The training sample set may be a sample text for training the previous model, where the training sample set may be the same sample text or different sample texts during each iteration of training.

In some embodiments, the training sample set may include an entity in the entity vocabulary and a sample sentence containing the entity, where the sample sentence may be a text sentence.

The extended sample set may include a training sample set, and may also include other training sample sets.

Entities can be included in the training sample set and the expansion sample set, wherein the entities can be some distinguishable and independent matters which exist in practice in a guest, such as names of people, places, commodities, names and the like.

The training sample set and the extended sample set may be entity sets, and the entity sets may be sets of entities having the same type and the same attribute, for example, the entity sets may be sets of names of people, and the entity sets of different types and different attributes may be sets of names of people and names of places.

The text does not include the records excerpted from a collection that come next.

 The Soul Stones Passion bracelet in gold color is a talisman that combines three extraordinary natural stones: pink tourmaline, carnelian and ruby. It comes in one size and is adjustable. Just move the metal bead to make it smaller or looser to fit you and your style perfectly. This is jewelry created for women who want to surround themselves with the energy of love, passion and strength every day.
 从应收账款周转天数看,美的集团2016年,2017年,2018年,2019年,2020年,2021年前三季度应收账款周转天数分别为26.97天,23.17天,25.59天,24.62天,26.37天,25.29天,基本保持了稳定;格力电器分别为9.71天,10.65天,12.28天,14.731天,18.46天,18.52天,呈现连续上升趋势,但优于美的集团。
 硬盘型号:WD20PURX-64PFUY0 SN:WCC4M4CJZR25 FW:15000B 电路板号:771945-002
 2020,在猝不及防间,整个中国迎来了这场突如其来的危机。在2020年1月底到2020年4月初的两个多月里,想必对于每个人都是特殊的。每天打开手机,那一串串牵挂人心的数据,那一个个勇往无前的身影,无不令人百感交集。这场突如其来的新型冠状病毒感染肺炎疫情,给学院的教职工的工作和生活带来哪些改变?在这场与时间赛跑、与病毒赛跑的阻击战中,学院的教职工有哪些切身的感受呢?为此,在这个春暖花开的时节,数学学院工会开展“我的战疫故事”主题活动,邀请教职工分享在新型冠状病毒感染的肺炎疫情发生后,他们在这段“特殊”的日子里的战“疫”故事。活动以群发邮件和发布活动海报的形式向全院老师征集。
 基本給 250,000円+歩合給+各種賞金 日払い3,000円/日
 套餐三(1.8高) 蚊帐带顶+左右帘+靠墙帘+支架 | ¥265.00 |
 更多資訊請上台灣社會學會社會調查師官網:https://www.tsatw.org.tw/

In this embodiment of the present application, the method for obtaining an extended sample set may further include:

obtaining an expanded sample set, the expanded sample set comprising a training sample set;

and carrying out entity expansion processing on the expanded sample set to obtain an expanded sample set.

The extended sample set may be an extended sample set of a last iterative training, and the extended sample set may include a training sample set and a set obtained by performing entity extension processing according to the training sample set.

The entity extension process may be an entity set extension (entitysetextension), and may extract an entity of the same type as the seed entity in a natural language text or a network according to the acquired seed entity and extend entity information into the entity. In some embodiments, the entity expansion processing on the expanded sample set may be characterized by obtaining entities of the same entity type in the entity set and taking the entities of the same entity type as the expanded sample set.

In this embodiment, the method for performing entity expansion processing on the expanded sample set to obtain an expanded sample set may include:

selecting an expanded entity in the expanded sample set to obtain a selected entity;

carrying out entity expansion processing on the selected entity to obtain a selected expanded entity;

adding the selected expansion entity to the expanded sample set to obtain the expanded sample set.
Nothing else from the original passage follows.